Assume two $\sigma-$finite measure spaces $(X,\mathcal{M},\mu)$ and $(Y,\mathcal{N},\nu)$. Consider a $\mathcal{M}\times\mathcal{N}$-measurable function $f$, and we are interested in computing $$ \int f d\left(\mu \times \nu\right) $$ where $\mu \times \nu$ is the product measure. I know the results of Fubini's theorem. Lets assume that one first observes that $f(x,y)\in L^{1}(\mu)$ for fixed $y$ and $f(x,y)\in L^{1}(\nu)$ for fixed $x$. Then, he naively computes $$ \int \left[ \int f(x,y) d\mu(x) \right]d\nu(y) $$ and $$ \int \left[ \int f(x,y) d\nu(y) \right]d\mu(x) $$ . and, he notices that the value of these two integral exist and are equal.
I have two questions:
1) Whether we can find a case as I described above?

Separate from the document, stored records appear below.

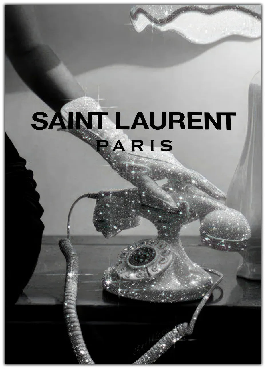 Denne plakat kombinerer tidløs glamour med moderne stil, hvor et glitrende telefonapparat og en elegant hånd er i fokus. Med den ikoniske Saint Laurent-logo og den luksuriøse følelse af glimmer og lys fanger plakaten essensen af sofistikeret mode og høj klasse.
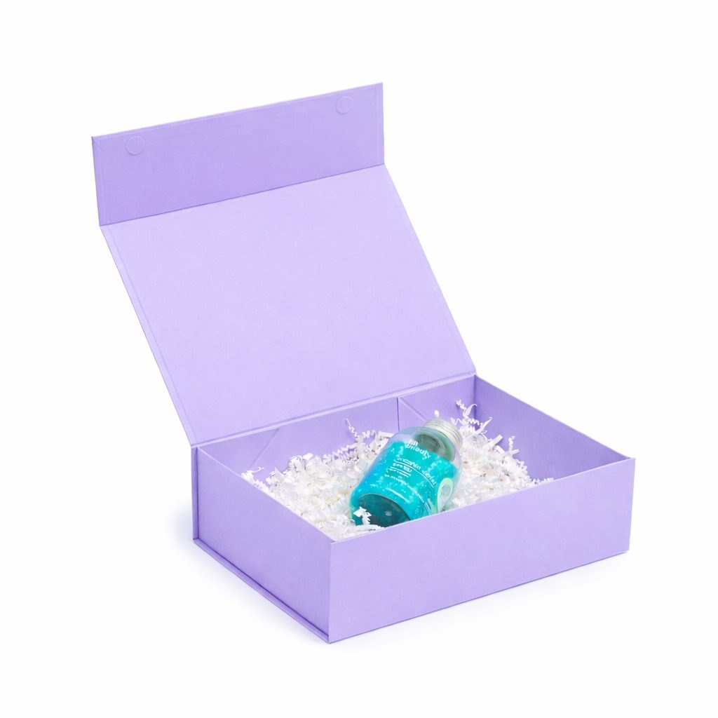 Opakowanie polecane do prezentacji produktów, w których liczy się subtelna estetyka i spójny wygląd. Liliowy kolor Pantone 14-3812 tworzy jasną, elegancką bazę dla zestawów firmowych oraz produktów z segmentu premium. Pudełko sprawdzi się w sprzedaży detalicznej oraz w kompletach okolicznościowych.
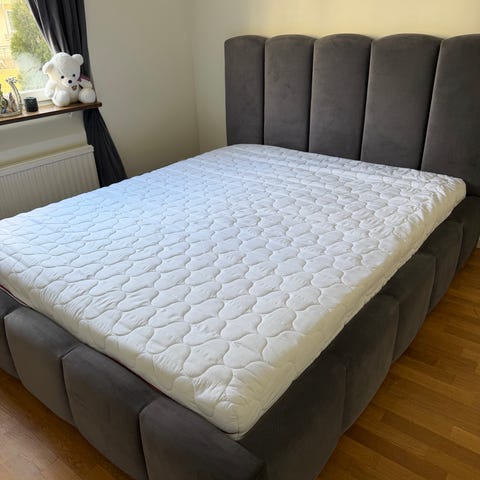 Lyxig kontinentalsäng byggd på massiv sängram av limträfaner 18 mm.
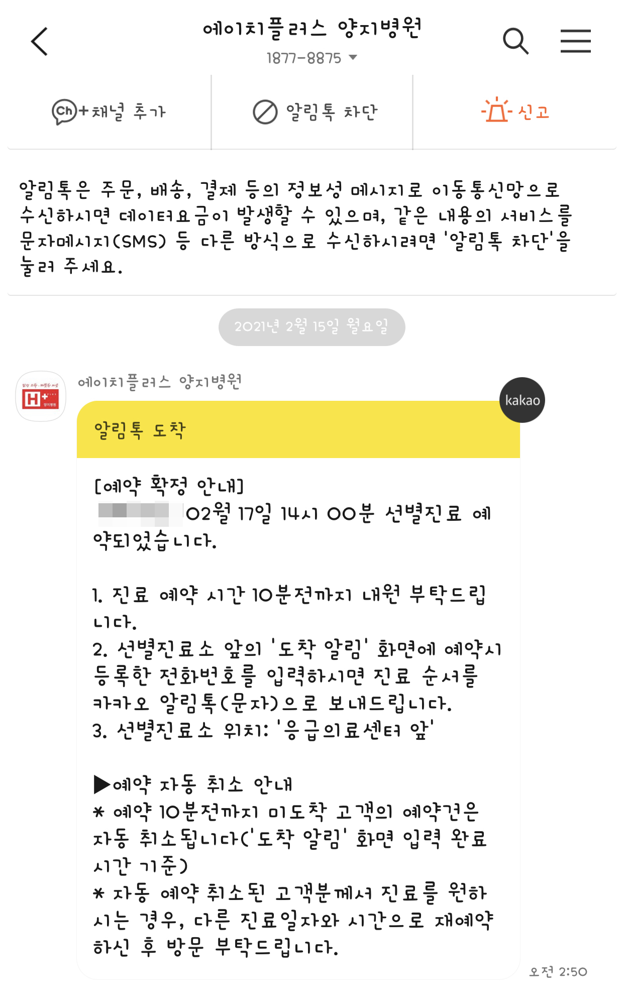 휴대폰 번호 입력하니 카톡으로 바로 호출번호가 전송되더라고요.
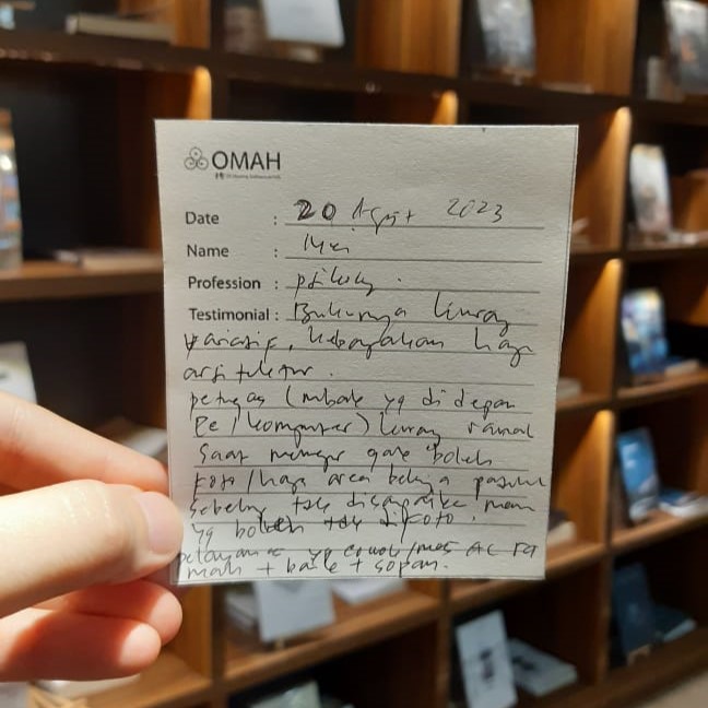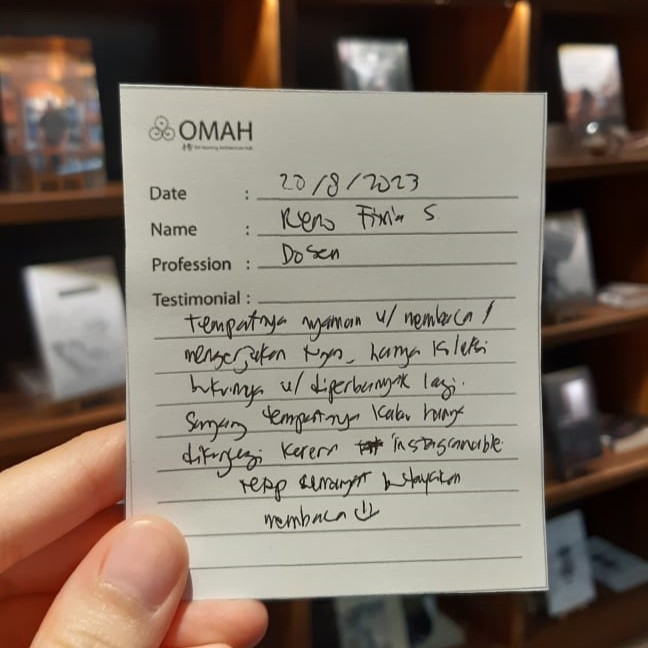 Bukunya kurang variatif, kebanyakan buku arsitektur. Petugas( mba yang di depan pc komputer) kurang ramah saat menegur gara-gara tidak boleh foto, area bekerja sebelumnya tidak disampaikan mana yang boleh tidak difoto. Pelayan yang cowo, mas Al ramah+baik+ sopan.

2) Provided that we can find such an example, can we conclude that $f \in L^{1}(\mu \times \nu)$, and value of $ \int f d\left(\mu \times \nu\right) $ equal to the $\int \left[ \int f(x,y) d\nu(y) \right]d\mu(x)=\int \left[ \int f(x,y) d\mu(x) \right]d\nu(y)$.
EDIT: Answer: Assume the following function
$$ f=\begin{cases} 0 & (x,y)=(0,0)\\\frac{xy}{(x^2+y^2)^2} & \mbox{else}\end{cases} $$ It is exactly an example which satisfies the above conditions.